Di salah satu sudut provinsi Jawa Timur, industri musik rekaman bahkan sudah menjadi semacam home industry. Di Kabupaten Banyuwangi, studio-studio rekaman kecil menjamur sampai di desa-desa. Sampai sekarang, lebih dari 50 studio rekaman menyebar di Banyuwangi. Industri studio rekaman di Banyuwangi awalnya dipelopori oleh Victor dengan bantuan modal sebesar 25 juta rupiah dari ayahnya yang bernama Johny M.C. Karena kasihan dengan musisi Banyuwangi yang harus rekaman jauh-jauh ke Surabaya, akhirnya Victor membangun studio rekaman Lharos pada tahun 2002.
Musisi Banyuwangi yang sebelumnya harus mengeluarkan uang minimal 100 juta untuk satu album, sekarang hanya butuh 12 juta untuk rekaman di Banyuwangi. Karena sangat murah, order rekaman membanjiri studio rekaman Lharos sampai Victor kewalahan. Victor kemudian menambah fasilitas studio rekamannya dengan peralatan yang lebih canggih. Perkembangan studio rekaman Lharos juga tidak lepas dari pengaruh Johny M.C. yang ternyata sudah bersinar sebagai produser di Banyuwangi sejak tahun 1985. Sebanyak 50 musisi pernah ditangani Johny M.C., bahkan dua di antaranya, Emilia Contessa dan Nini Carlina, menjadi musisi nasional.

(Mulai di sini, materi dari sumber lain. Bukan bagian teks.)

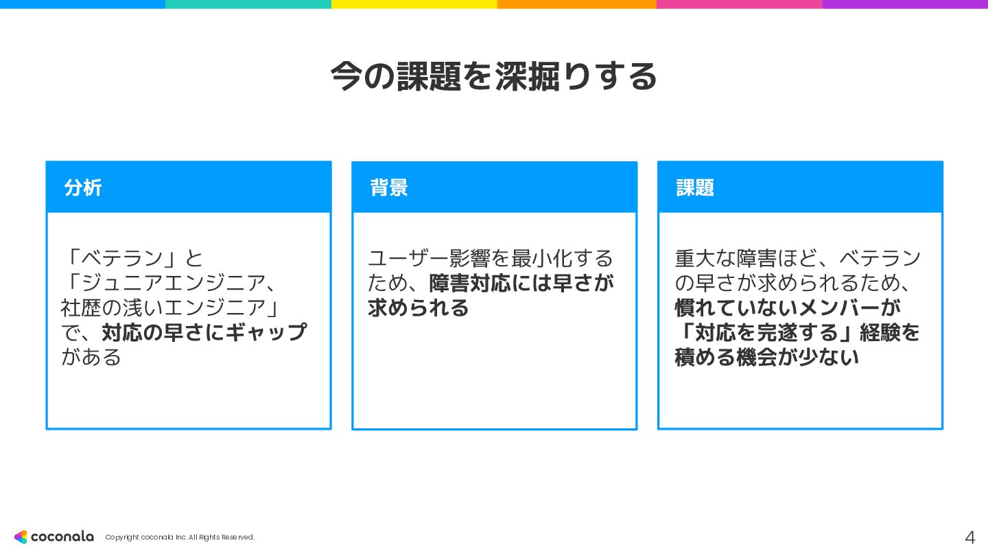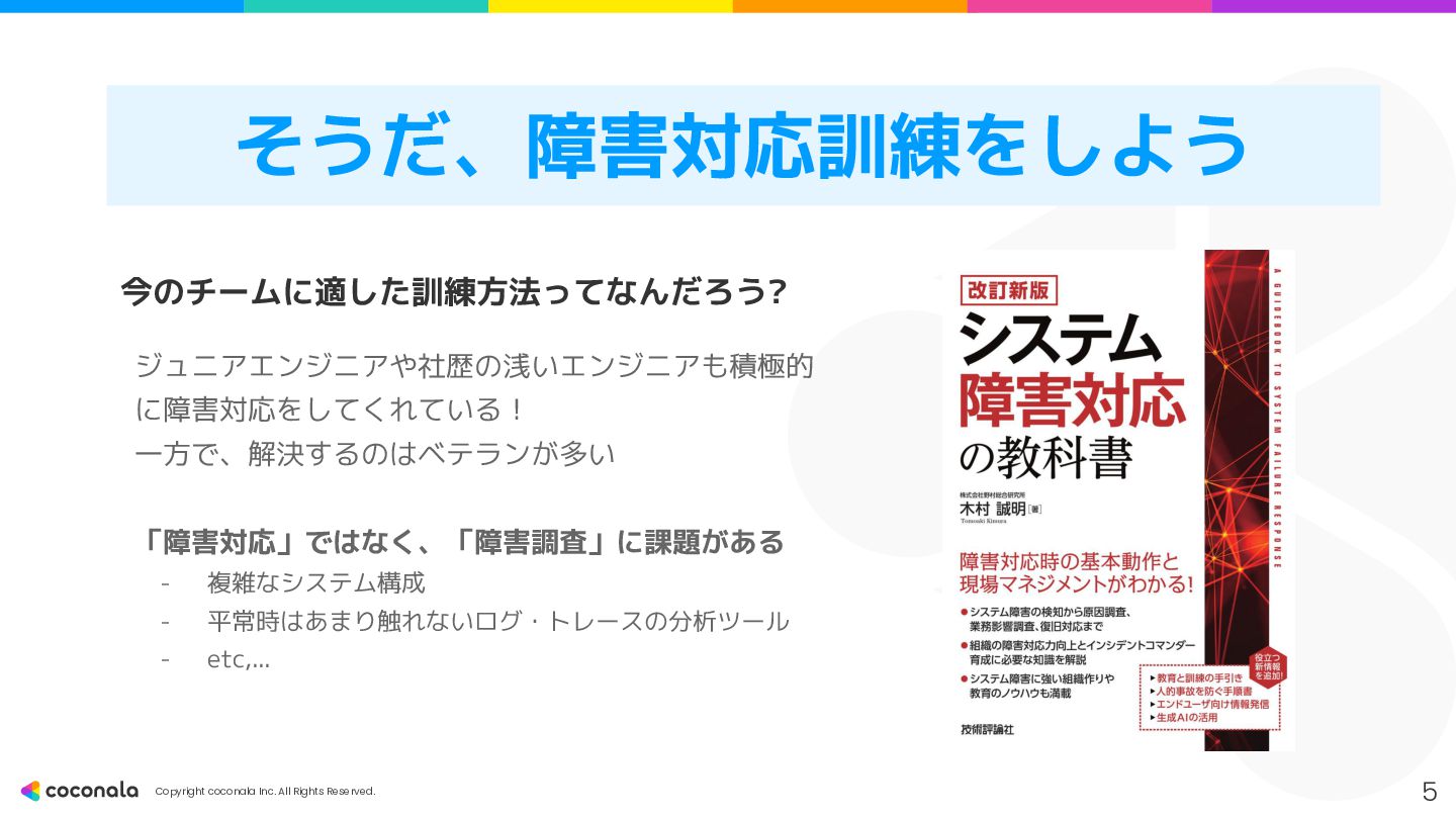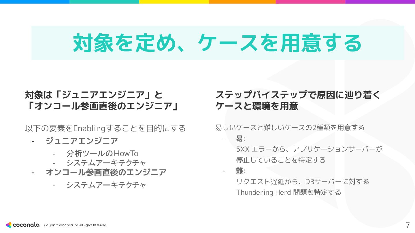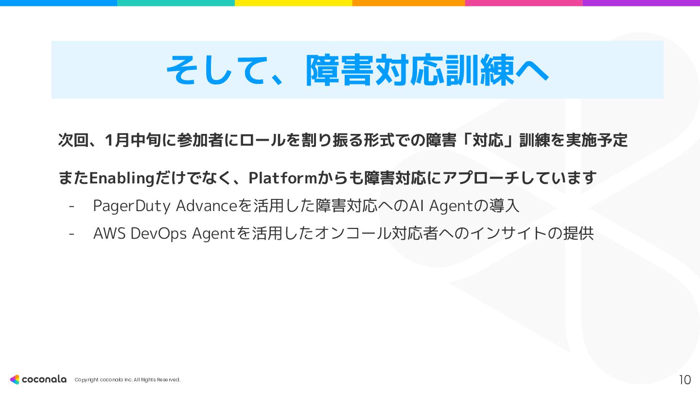た効果への反響があった◎ - 次回開催のお願いや、次回も参加したいという声が得られ、運営 としても手応え◎ - さらに「開発におけるログ設計に活かしたい」といった開発への フィードバックを得た方もいた◎ 振りかえり 大きく3点の課題が見つかった - ケースの難易度設定 難のケースが難しすぎて、学習効率が低下していたのではないか - タイムスケジュールが緩く、練習問題を解ききれなかった 業務時間を割いての実施のため、延長はNGだったのを見越して、 より詳細なスケジュールを立てるべきだった - コミュニケーションを取りながらの障害調査 練習問題はチームを分けて団体競技として実施したが、終始個人 の調査にしてしまっていた 反響と振りかえり 9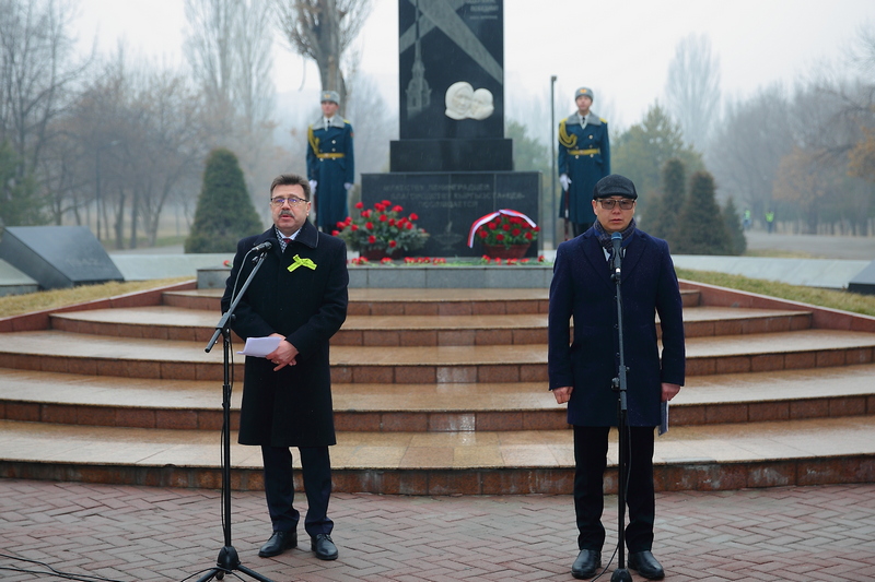 К участникам митинга обратился Посол России в Кыргызстане Сергей Вакунов: «Блокада Ленинграда навсегда войдет в историю человечества как одно из самых трагических событий Великой Отечественной войны. Голод, холод, не прекращающиеся обстрелы стали страшным испытанием для жителей города. Мужественные ленинградцы стойко выдержали 872 дня, не отдав родной город фашистам. Мы преклоняем головы перед стойкостью защитников Ленинграда, мужеством жителей города, бескорыстием, душевной щедростью и состраданием простых кыргызстанцев, деливших с эвакуированными ленинградцами хлеб и кров. Мы преклоняем головы перед великой женщиной, ставшей символом материнства, ответственности, доброты и щедрости –Токтогон Алтыбасаровой, которая приютила и выходила 150 детишек блокадного Ленинграда. Мы чтим героизм и подвиги наших предков, и наша святая обязанность – пронести память об их подвигах, Победе, об их стойкости и мужестве для наших последующих поколений».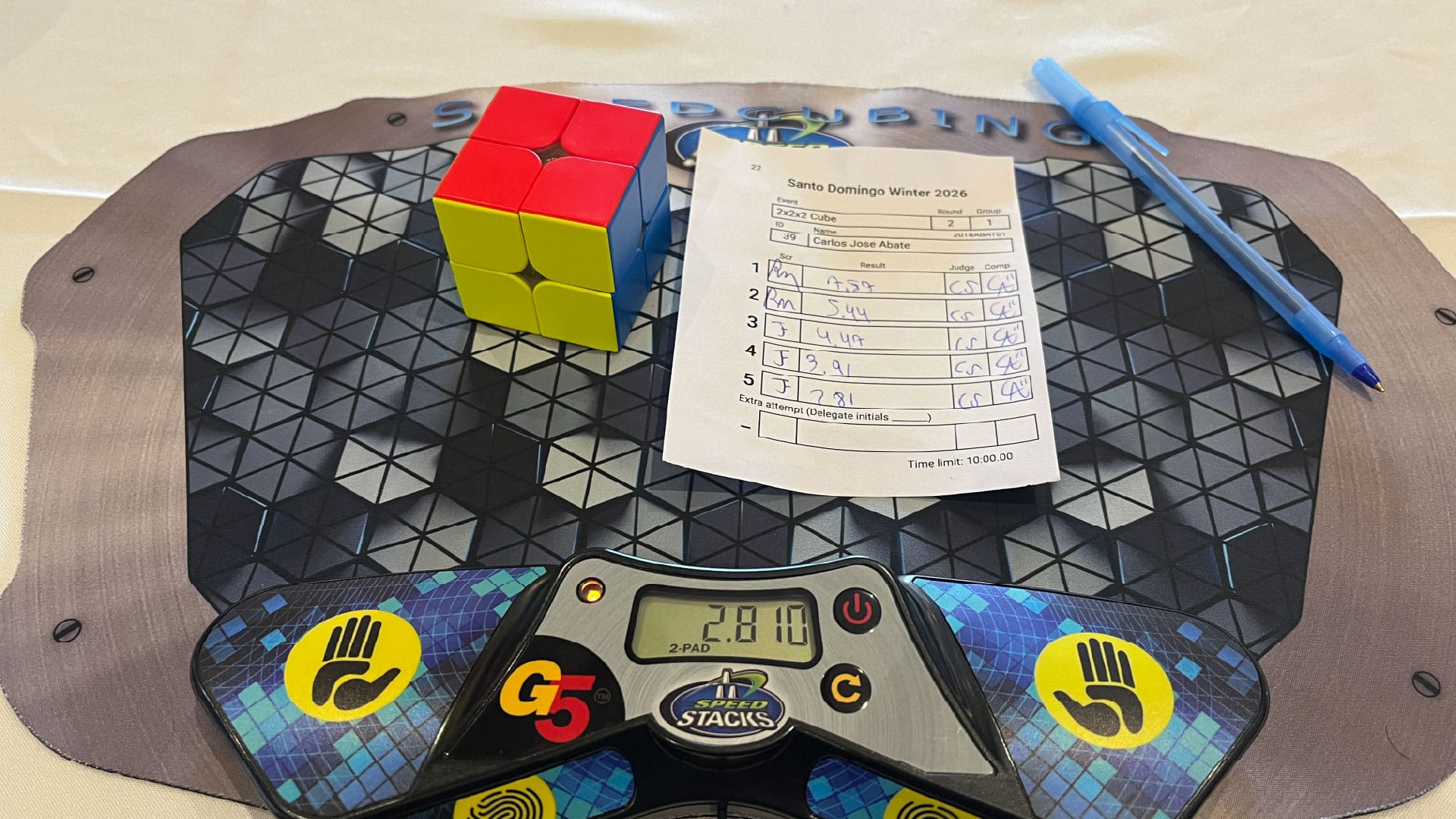 Lastly was Round 2 of 2x2, which went the best out of anything in the competition for me! My times only got better and better every solve, starting with a mid 7.57, but then a 5.44, a 4.47, a fantastic 3.91 (my first sub-4 in competition since Summer 2024), but then I capped it off with a 2.81! This was my first ever sub-3 in a competition, and beats my previous personal record of 3.02 by over a fifth of a second!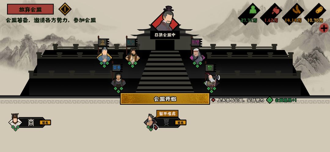开局占卜可以刷天命,先不用打其他国家,周边国家谁作恶再打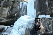 한국현대미술신문 신정은 기자 | 충북 괴산군 조령산 자락에 위치한 수옥폭포가 연일 이어진 강추위 속에서 거대한 빙폭과 고드름으로 뒤덮이며 한겨울에만 볼 수 있는 장관을 연출하고 있다. 폭포 절벽을 따라 흐르던 물줄기는 얼어붙어 층층이 이어진 얼음 기둥을 형성했고 암벽 곳곳에는 고드름이 달려 웅장한 겨울 풍경을 완성했다. 폭포 상단에서 떨어지던 물은 하단부로 갈수록 얼음과 눈이 겹겹이 쌓이며 계곡 전체를 고요한 겨울 풍경으로 바꿔 놓았다. 거친 암벽과 새하얀 얼음이 선명한 대비를 이루며 자연이 만들어낸 조형미를 고스란히 보여주고 있다. 수옥폭포는 사계절 내내 다양한 풍경을 감상할 수 있는 괴산의 대표적인 자연 명소로 특히 겨울에는 빙폭이 형성돼 사진 촬영과 겨울 산행을 즐기는 방문객들의 발길이 이어지고 있다. 군 관계자는 “수옥폭포는 자연이 만들어낸 특별한 명소”라며 “겨울이 지나기 전에 많은 분들이 찾길 바란다”고 말했다.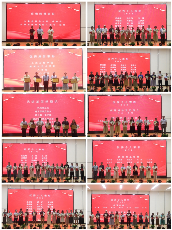 庆祝大会对2024年安徽省教学名师和安徽省优秀教师入选者、2023年度优秀部门、优秀个人、优秀共产党员、优秀党务工作者、优秀党总支负责人、先进基层党组织、2024年最美教师和最美辅导员进行表彰,校领导分别为获奖者颁发荣誉证书,学生代表为获奖者献上祝福的鲜花。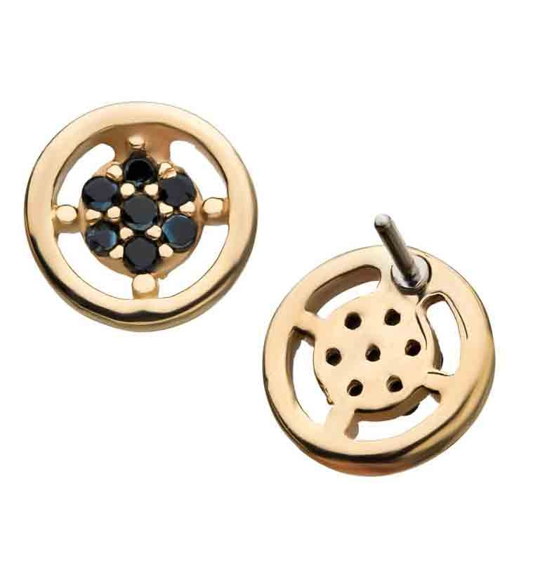 Sold individually (1 piece - top only) 14kt gold Threadless Size: 6.5 316LVM stainless steel pin Designed to fit the barbells/labrets below Threadless Barbell Threadless Labret

Industri musik lokal ternyata juga berkembang di Kota Bandung. Studio rekaman Whisnu Record telah mengorbitkan penyanyi pop Sunda, “Jacko” Darso dan Nining Meida. Jacko Darso yang mempunyai ciri khas seperti Michael Jackson ini sangat memikat para pecinta musik Sunda. Musisi fenomenal satu lagi yang dilahirkan dari studio rekaman milik Mariska ini adalah Nining Meida. Bahkan album milik Nining Meida berjudul Kalangkang yang dirilis pada tahun 1986 masih menjadi buruan para kolektor musik dan sampai sekarang sudah terjual lebih dari satu juta kopi.
Musisi lokal diam-diam masih melakukan perlawanan. Bayangkan saja, musisi lokal di Banyuwangi bisa merilis 15 album dalam sebulan. Bagaimana perkembangan musik di daerah Anda?